Quanto às podas, faço semanalmente, mas corto muito pouco de cada vez (1, 2 pés pequenos). Dá para por a crescer num refúgio e naturalmente que tos ofereço com todo o gosto, mas se é para por num aquário com herbívoros... as caulerpas não têm qq hipótese.

----------


## João M Monteiro

A euphyllia já parece bem maior (abriu mais) e notam-se 3 "rebentos". 
Vou acompanhar a evolução com fotografias.

----------


## Diogo Lopes

Olá João,

O aquário está com óptimo aspecto, parabéns! 
A euphylia ainda deve abrir um pouco mais e na colónia mãe os "rebentos" já começam a ter o penacho!

Abraço,
Diogo

----------


## Rinaldo Fontenele

Parabéns João, muito bonito está seu nano!!!!

----------


## João M Monteiro

Olá Rinaldo e Diogo, 
Só hoje vi os vossos comentários..obrigado

Aproveito para fazer uma actualização, com o nano a caminho do 4 mês:

geral
 

A muda de Euphyllia já mais crescidinha
 

e os rebentos já têm "penachos" !
 

Macro do sarco
 

"plantado" de zoanthus e afins
 

detalhe de dois discos e (mais uns) zoanthus
 

e ainda...uns zoanthus, que vieram mauzotes, mas felizmente estão a recuperar bem
 

daqui por mais uns mês espero que já estejam todos cor de rosa
 

Por último, e porque nem tudo são boas notícias neste hobby, morreu o Gobiodon hystrio.
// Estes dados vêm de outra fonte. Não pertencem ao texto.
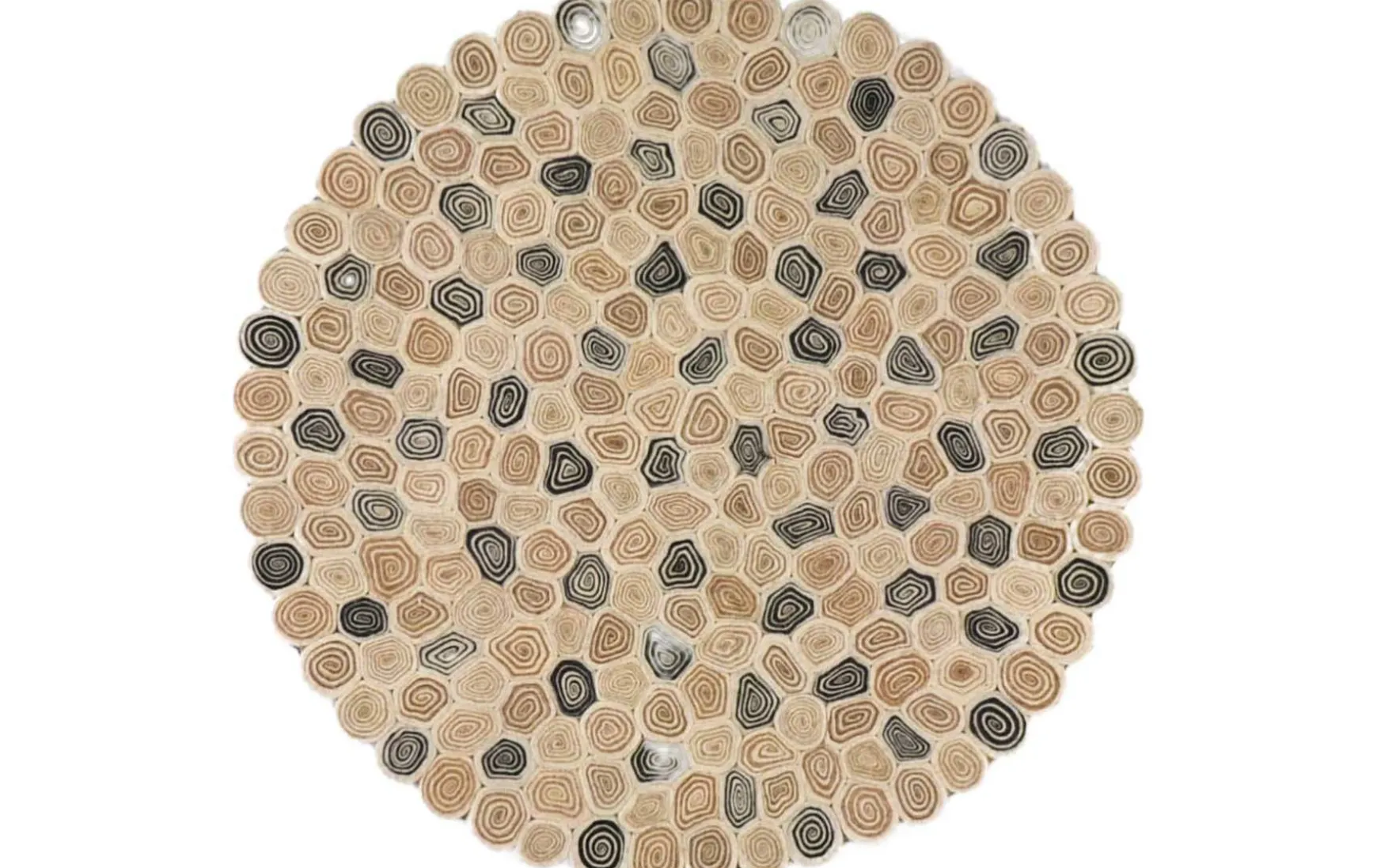 Unser Webteppich aus kleinen Baumscheiben im Patchwork-Look ist eine faszinierende Kreation, die aus einer Mischug aus Wolle und Polyester gefertigte ist. Jede Baumscheibe wurde sorgfältig in ein kunstvolles Patchwork-Muster eingewebt, um einen Teppich von einzigartiger Schönheit und rustikalem Charme zu schaffen. Die Kombination aus natürlicher Wolle und strapazierfähigen Polyester verleiht dem Teppich nicht nur eine warme und gemütliche Textur, sondern sorgt auch für Langlebigkeit und Pflegeleichtigkeit.

Vinha com cryptocarion (só dei por isso no aquário, porque na loja, com T8´s não consegui ver ...), mas comia bem, parecia a recuperar bem e, aparentemente, já não tinha nada.
Porém, no espaço de 2-3 dias, o crypto reapareceu (tornou-se visível) em força e ele não aguentou.

----------


## João M Monteiro

Boas, 

Entraram os 4 peixes que queria para o nano (2 a 3 seria ideal, mas já vão perceber o porquê dos 4):
- 2 A. ocellaris (um laranja e um preto);
- 2 Nemateleotris magnifica (fascinantes)
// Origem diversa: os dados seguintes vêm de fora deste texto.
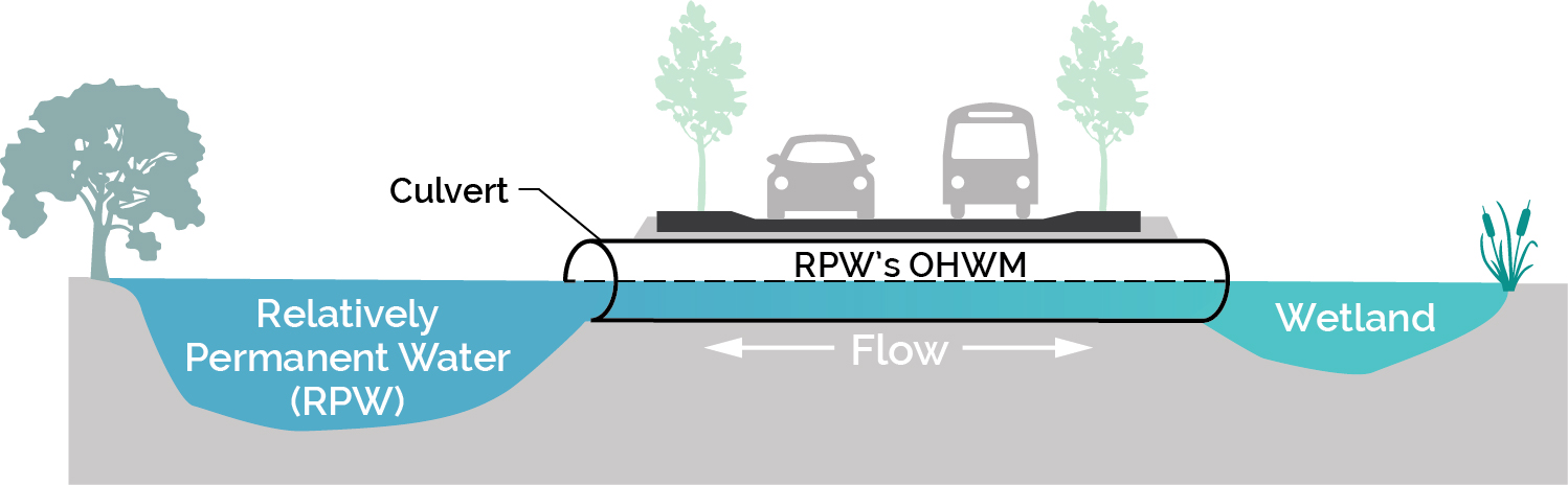 Culverts would not sever jurisdiction when the culvert serves to extend an RPW such that the water directly abuts a wetland, consistent with the March 2025 Continuous Surface Connection Guidance. This would be demonstrated by relatively permanent water flow being present through the culvert as well as an ordinary high-water mark within the culvert.

A razão de ser dos 4 é que a diferença entre ter 1 ou 2 nemateleotris (se fizerem par, o que nem sempre acontece) é ter um peixe que raramente se vê, muito assutadiço e com tendências suicidas (salto para a eternidade) ou dois peixes calmos que se passeam sempre juntos pelo aquário. 
Estes dois estavam a fazer par quando os vi, por isso, ainda que em duas fases, trouxe mesmo os 2.

Como são tudo peixes pequenos (os ocellaris têm aí uns 2,5 cms), espero que o nano suporte os 4 peixes; se vir que não dá, os nemateleotris vão para o meu outro aquário.

Junto algumas fotografias de (1) comité de boas-vindas do 2º nemateleotris; (2) o duo nadando pelo nano e (3) album de família.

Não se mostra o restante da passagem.